I also might have over scheduled myself. Beside being enrolled in an American Montessori Society training program and working full time I was the treasurer for our HOA (thankless job) and taught my son's 1st grade catechism class (good Lord do first graders like to chat).
I found it particularly hard on the food allergy aspects of our life. We don't eat out so food prep sometimes seemed insurmountable. Both Max and Owen were in school which is full of "fun" food laden events many of which I was informed about the day beforehand. This was troublesome to me on a few fronts. 1). I work at the same place they go to school. It would not be impossible to give me a heads up more than 12 hours before the event. 2). I spent many blurry eyed evenings making baked goods. I began to feel resentful and angry but with food allergies it is hard to know where to direct that resentment and anger. 3). Conflicts particularly with Owen's teachers over food allergy issues led to a stressful working environment for me as they tended to see me not as a parent but as a co-worker.
We are halfway through the summer. Halfway to going back to school (for the kids, I completed my training) and work for me. And I'm not looking forward to it. I LOVE Montessori. I am a really good teacher. But it was a lot this year. I don't know if I can do it again.
It can only get better right?
4 comments:
Drives me crazy how all events with kids revolved around food. Food, food, food. And it can never be fruit can it? Nope. Always baked good and treats he can't have. It's tough!
I don't even want to imagine what life will be like when my kids go to school. My three year old is trying out Kindercamp this summer, just to see if it's even worth the bother. My other son's doctor has already said he probably won't be able to go to school. We're not dealing with teachers, but I think I've lost just about every friend I have with kids that are my kids' ages. Honestly that's not many, but still. And our BIG issue seems to be church of all places. Who would have thought! Good luck this year. I look forward to your posts again. I still keep up my blog: http://funwithfoodallergies.blogspot.com if you want to check it out.

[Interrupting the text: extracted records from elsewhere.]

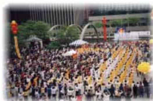
Ceremony to celebrate the seventh anniversary of Falun Dafa, City Hall Plaza, Toronto, Canada, May, 1998.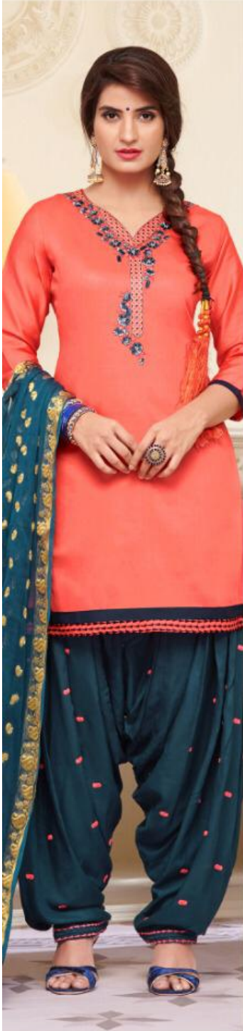
D. NO - 1028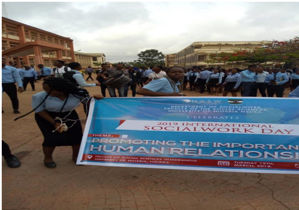
Pic 5: The students in rallying mood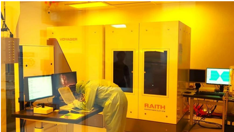
Figure 2: DVLs sensors being qualified in clean room

These performance improvements are not just significant theoretically, but they translate into tangible, system-level advantages that directly impact how dorsaVi’s sensors perform in real-world environments. By combining faster memory access, lower power draw, and greater endurance, RRAM technology enables a new class of wearable biomedical devices capable of operating more intelligently and reliably in demanding clinical and movement-monitoring scenarios.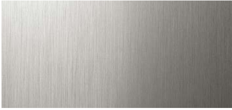
DM Grey brushed matt AR 2600 x 1000 | NA 15289 | SA 15297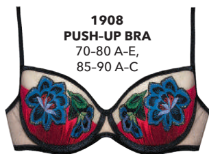
1908 PUSH-UP BRA 70-80 A-E, 85-90 A-C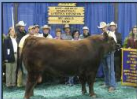
The dam of the 2009 National Grand Champion Bull was produced in Iowa

At the 2009 National Red Angus show in Louisville, Kentucky, Iowa genetics dominated the breeding line-up !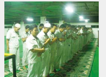
On site prayer room (mushola)

religions, culture and customs of the land and execute business activities that respect human rights.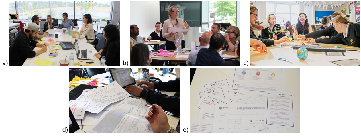
Figure 2. The photos in the case study: a) The design project team in their studio; b) Pilot project careers leaders in workshop 4; c) Pupils, staff and the design team during workshop 3; d) Development of the work investigations framework resources; d) Examples of the work investigations framework resources.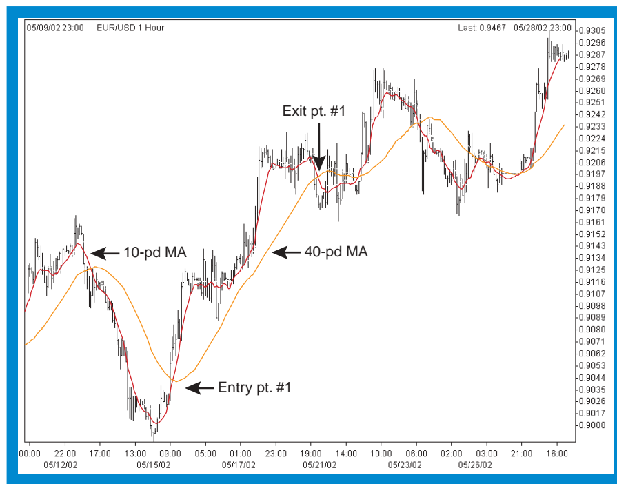
FIGURE 2: MOVING AVERAGE CROSSOVER SYSTEM. When the shorter-period moving average crosses above the longer-period moving average, consider it a signal to enter a long position. When the short-period MA crosses below the longer one, consider it to be an exit point.

These examples show the use of one indicator or technical analysis tool to make trading decisions. Often, you may have to use more than one. The chart of the euro in Figure 3 displays the use of multiple technical indicators as confirming signals. There, you see a divergence between price movement and the movement of the relative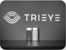
● SWIR Camera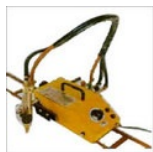
Portable Gas Cutting Machines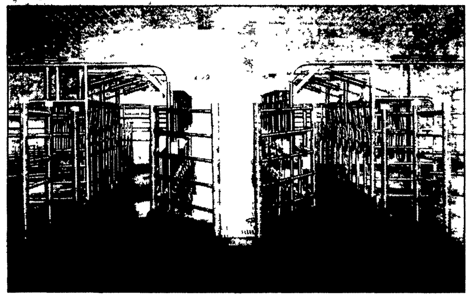
Double 12 DeLaval/Blue Diamond G.E.G.I. Parallel Parlor, featuring: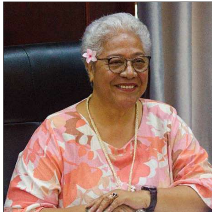
Afioga i le Palemia, Fiamē Naomi Mataafa

"E lē āoga ona tatou nofoa'i, ina ne'i lē toe faia ni mita fa'apea i le lumana'i ona ua saosaoa le malamalama ma auala o feso'otā'iga i nei ona po, ae o le itu'āiga mita fou lea (latest technology) o lo'o maua i luga o le maketi ma o lo'o tatou mulimuli lava ina ia fa'aleleia atili le auauunaga mo le tatou atunu'u."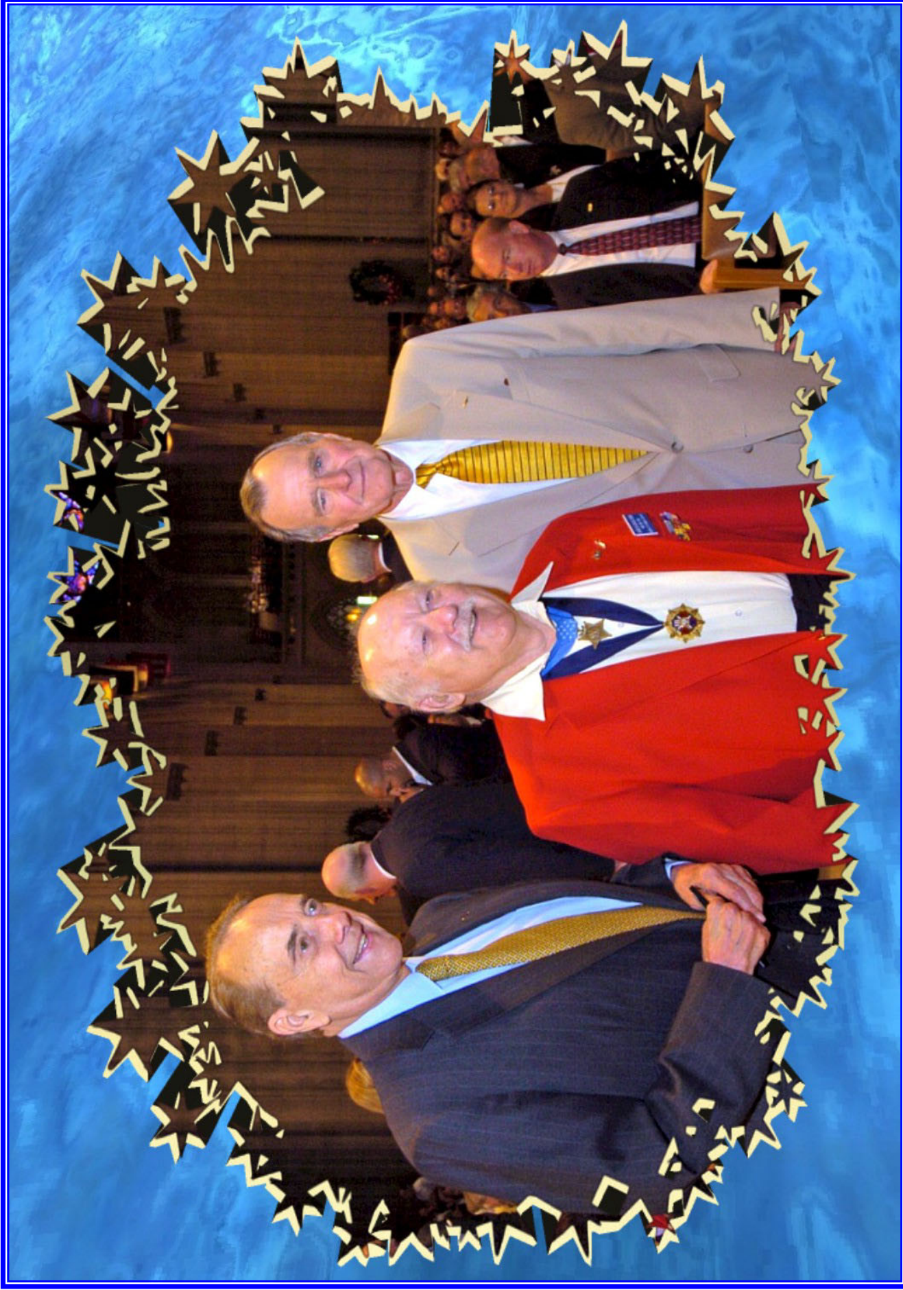
Medal of Honor Recipient Jack Lucas (USMC) joins fellow World War II veterans Senator Bob Dole and President George H.W. Bush in the ceremonies to dedicate the new memorial in Washington, D.C. to all 16 million men and women of The Greatest Generation who served to defend freedom in World War II.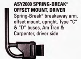
AS2000 SPRING-BREAK® OFFSET MOUNT, DRIVER Spring-Break® breakaway arm, offset mount, upright, Type "C" & "D" buses, Am Tran & Carpenter, driver side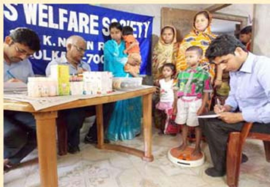
Height & Weight Measurement

The effectiveness of the Health Programme is evident from the positive feedback from needy children, who are the prime beneficiaries and also their parents and many other community people.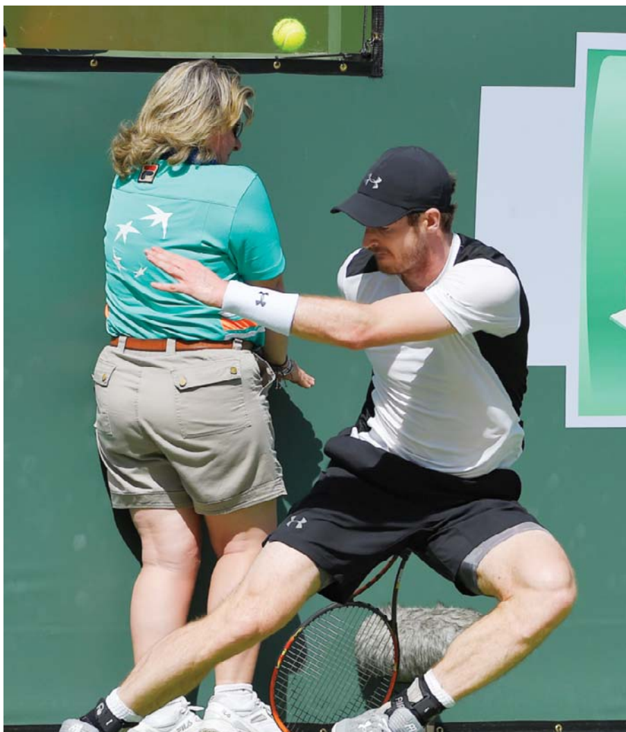
CALIFORNIA: Andy Murray, of Great Britain, attempts to return a shot from Federico Delbonis, of Argentina, during their match at the BNP Paribas Open tennis tournament on Monday, March 14, 2016 in Indian Wells.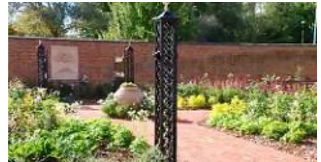
Image: Legacy Gardens OU Campus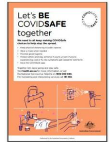
Living the new normal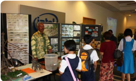
Clockwise from top: An adorable skit by students / Intel staff being briefed / Students viewing 'green' exhibits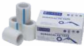
Surgical PE Tape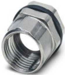
M12-SPEEDCON housing screw connection for M12 female inserts, with flat gasket, for all Speedcon-compatible THR and wave soldering contact carriers

Please be informed that the data shown in this PDF Document is generated from our Online Catalog. Please find the complete data in the user's documentation. Our General Terms of Use for Downloads are valid ( http://phoenixcontact.com/download )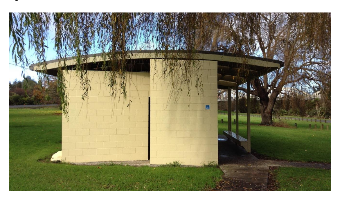
Figure 5: Les Batkin Reserve, Tuakau

Standalone toilets are the most common type of toilet provided and are generally older style toilets. These tend to have a large building footprint and separate facilities. Often facilities are over scaled for actual use. In most cases a modern all-gender, two-unit toilet facility would cope with the majority of demand with acceptable levels of queuing.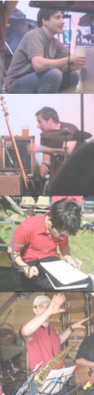
“The Wild World of Jazz” Gutbucket's Workshop in Bielefeld, Germany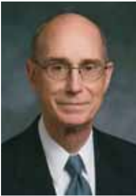
BY PRESIDENT HENRY B. EYRING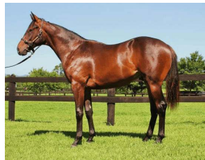
Lot 365 inglis.com.au

The third and final day of Session One of the Inglis Melbourne Premier Yearling Sale concluded Tuesday at the company's Oaklands complex and featured a broad base of international competition for the top offerings.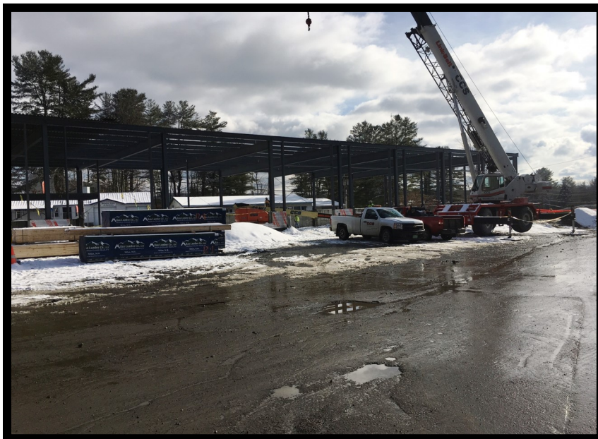
Photos of the new District 4 White River 10-bay Maintenance Facility. This project is currently under construction and is due for completion in the spring.

This building will house the Operations staff and the current garage, which had a 2-bay addition last year, will become the Regional Mechanics Facility. The project began this fall with the installation of a new 8" waterline back to the main road, and is having the wall infills and roof put on. The work will continue inside throughout the winter. The total project cost is approximately $2 million.

So sorry about the new trials you're dealing with.
Glad you're back. One year off and your writing is still spot on :) Big year for all of you. Asthma here too. Since we manage it everyday with meds, we gotten a handle on it, but it scared the crap out of me when it started last year. Son has had the sensory issue too, it's gotten better over time but anything right now with mother nature is freaking him out, lava and floods in particular...not sure if this might be same issue. Keep posting
I can't imagine how frusterating your work must be, having to deal with the "parent" looks instead of just being a co-worker. It must be scary to leave your child's care in the hands of someone that doesn't seem to fully understand or respect his allergies.